++++ Provided records

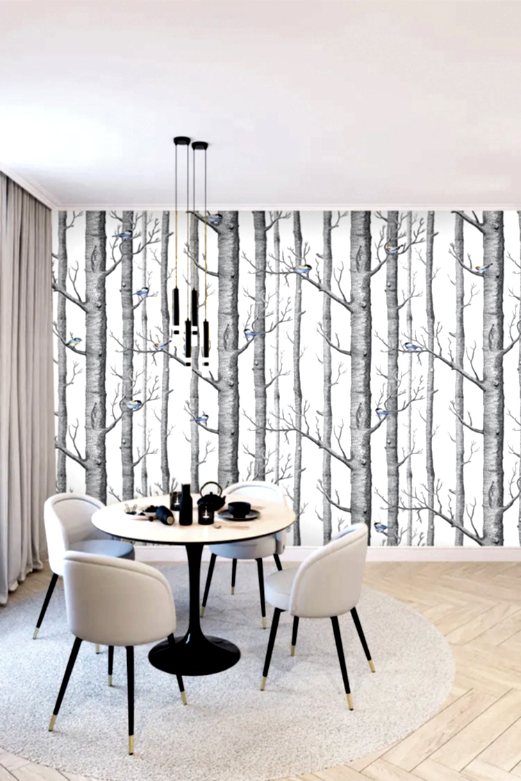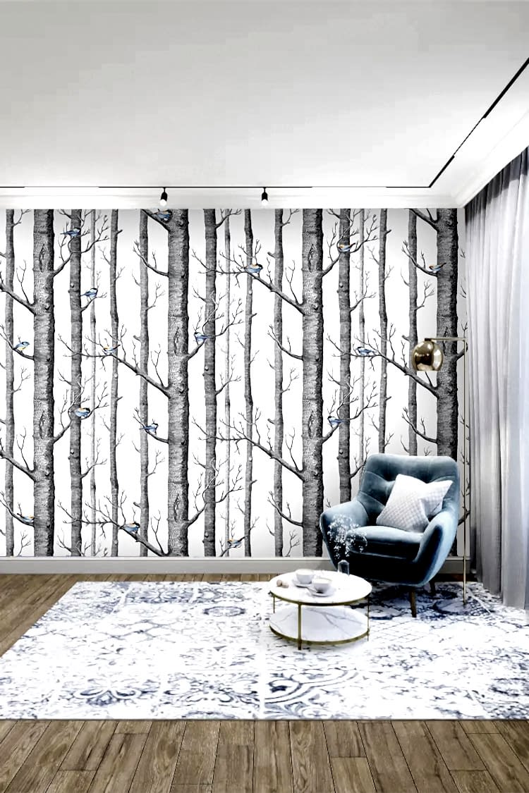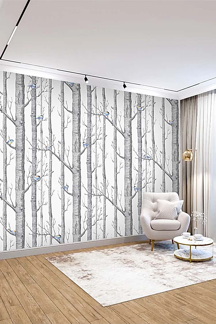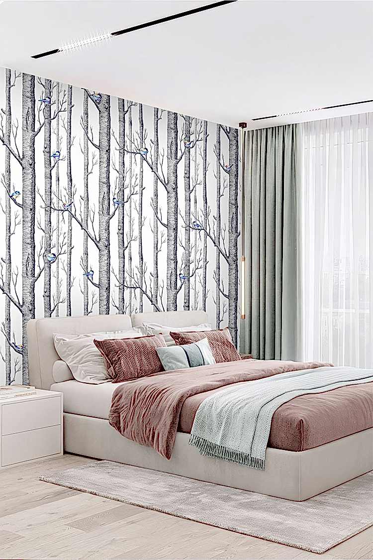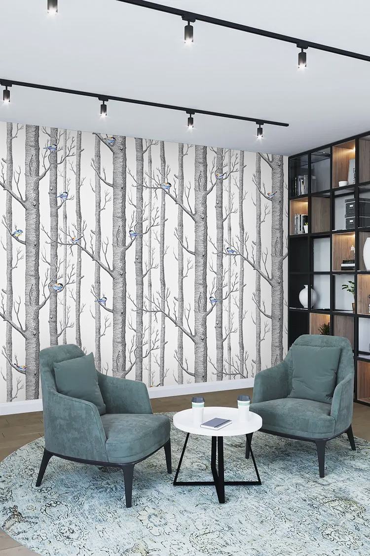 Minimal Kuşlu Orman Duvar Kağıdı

++++++++
++++ Provided records

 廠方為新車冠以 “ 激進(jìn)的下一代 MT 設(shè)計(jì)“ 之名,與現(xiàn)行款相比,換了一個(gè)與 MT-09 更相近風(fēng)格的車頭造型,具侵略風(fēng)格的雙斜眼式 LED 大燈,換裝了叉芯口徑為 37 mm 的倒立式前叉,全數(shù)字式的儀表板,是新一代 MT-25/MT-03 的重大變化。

++++++++
++++ Provided records

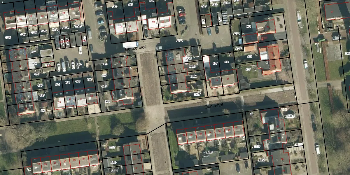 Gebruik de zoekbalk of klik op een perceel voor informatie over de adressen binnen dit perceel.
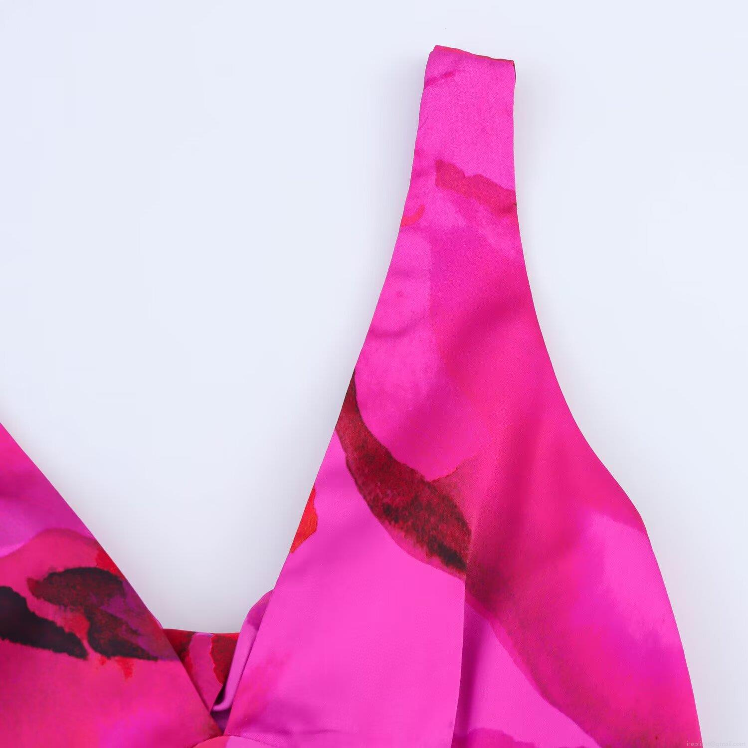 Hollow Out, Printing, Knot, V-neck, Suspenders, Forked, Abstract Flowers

++++++++

## Task goal
Pictures aside, print exactly the lines above starting with the one containing "Gebruik de zoekbalk" and going on through the one containing "Hollow Out, Printing, Knot, V-neck, Suspenders, Forked, Abstract".

## Written answer
 Gebruik de zoekbalk of klik op een perceel voor informatie over de adressen binnen dit perceel.
 Hollow Out, Printing, Knot, V-neck, Suspenders, Forked, Abstract Flowers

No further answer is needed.